If a bill rolling back the Federal Insurance Office’s authority should pass, it would limit financial transparency and the effectiveness of regulatory supervision, according to Moody’s Investors Service.

In its Weekly Credit Outlook, Moody’s notes that a subcommittee of the House Financial Services Committee has reported out legislation that would restrict the ability of the FIO to get financial information from insurance companies. The bill, H.R. 3559, the Insurance Data Protection Act of 2011, was sponsored by Steve Stivers (R-Ohio) and was approved along party lines. The vote was 7-5, with Republicans supporting it and Democrats opposing it.

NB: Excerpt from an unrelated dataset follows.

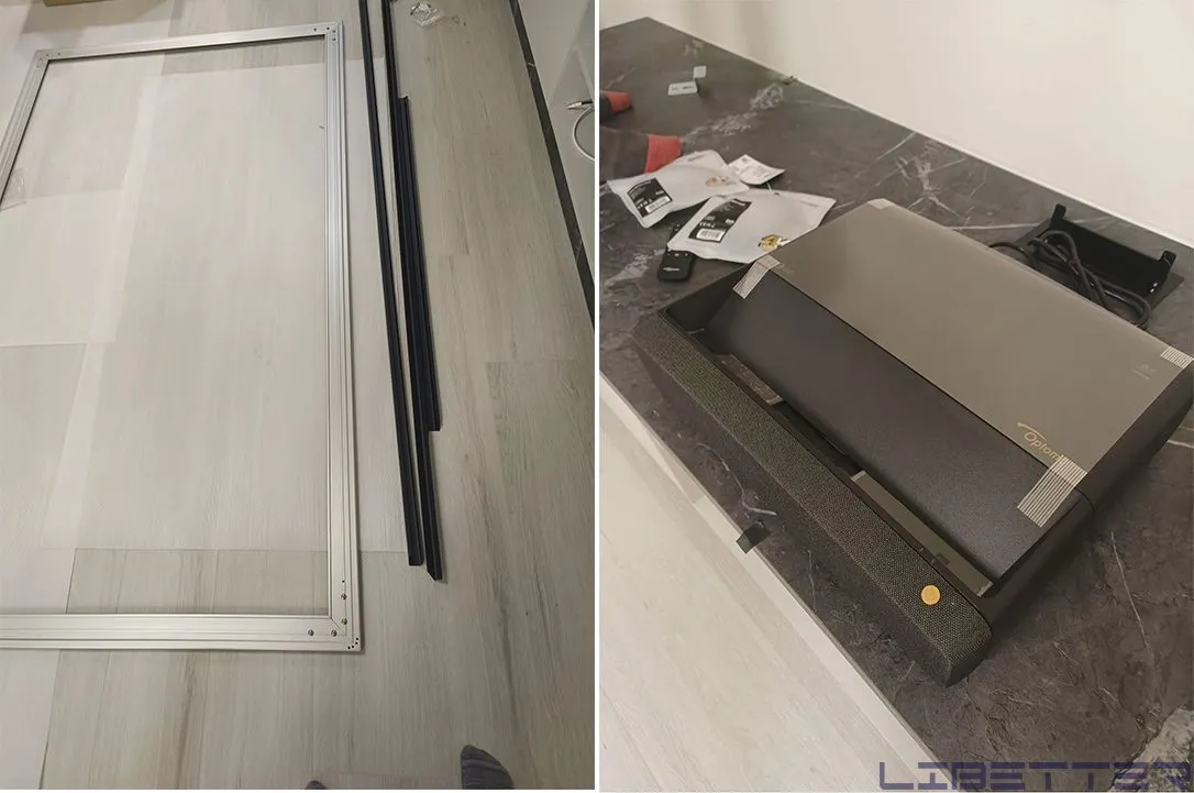 林口施工:OPTOMA L1+ 4K & 100吋 和詮HBSI 黑柵抗光幕 最便宜的4K超短焦歡迎來看效果!
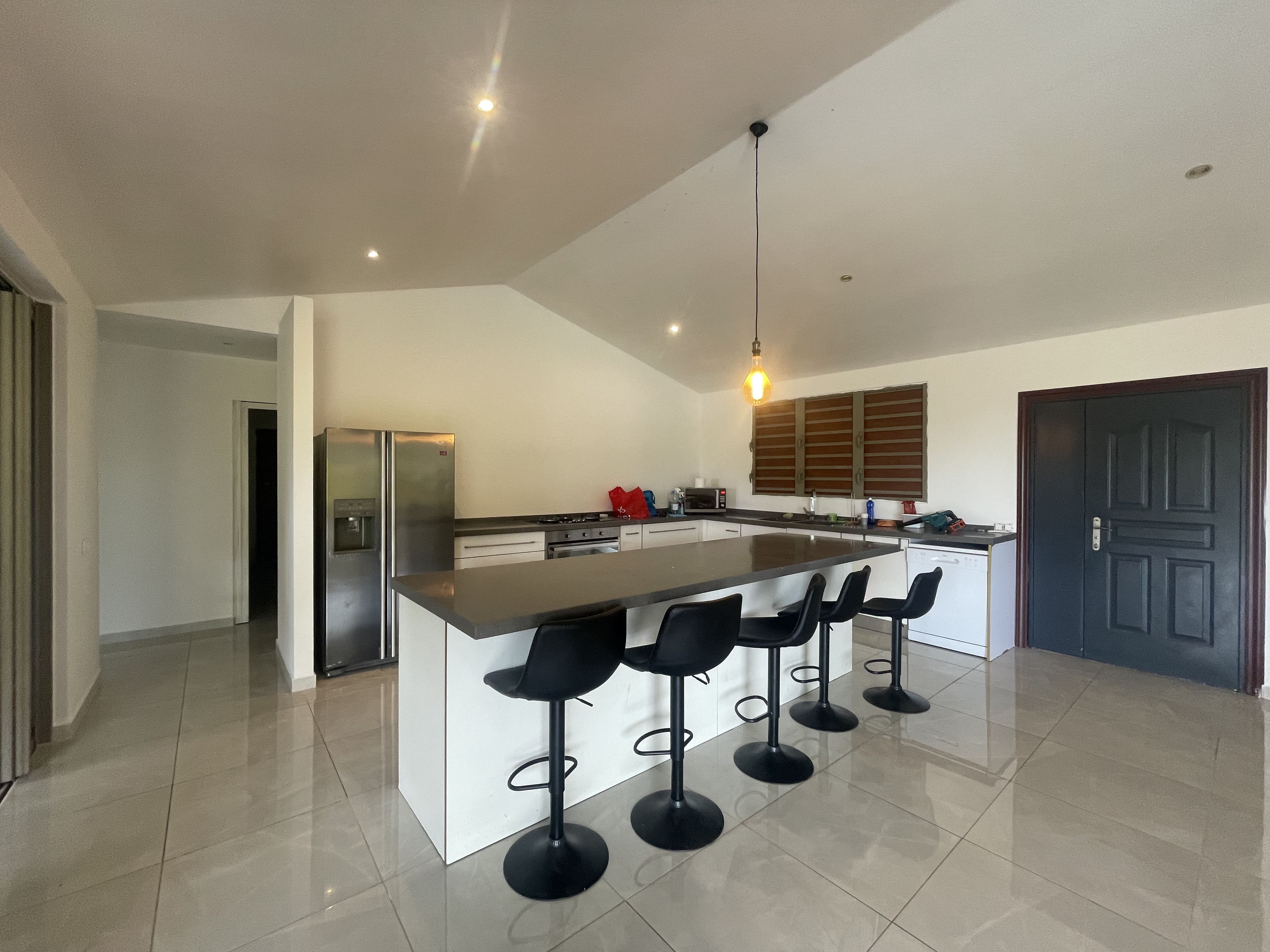 • Cuisine moderne avec grand îlot central, ouverte sur le salon-séjour et un espace bureau

The bill would revoke the authority of the FIO and the Office of Financial Research (OFR), two new entities created by the Dodd-Frank Act, to subpoena data from insurance companies. It would also force the FIO, the OFR, the Financial Stability Oversight Council, and any other federal entity that seeks data about insurance companies to obtain that data through the insurance company’s state regulator, another federal agency, or a public source.

Moody’s says, “Without subpoena powers, the FIO would be unable, in certain circumstances, to gather critical data for identifying and managing systemic risk.”

The rating agency says the bill would limit the “free flow of essential insurance data” to the parties responsible for overseeing the industry, and adds the bill “would prevent sharing non-publicly available information with both the general public and other government agencies, even those charged with analyzing systemic risk.”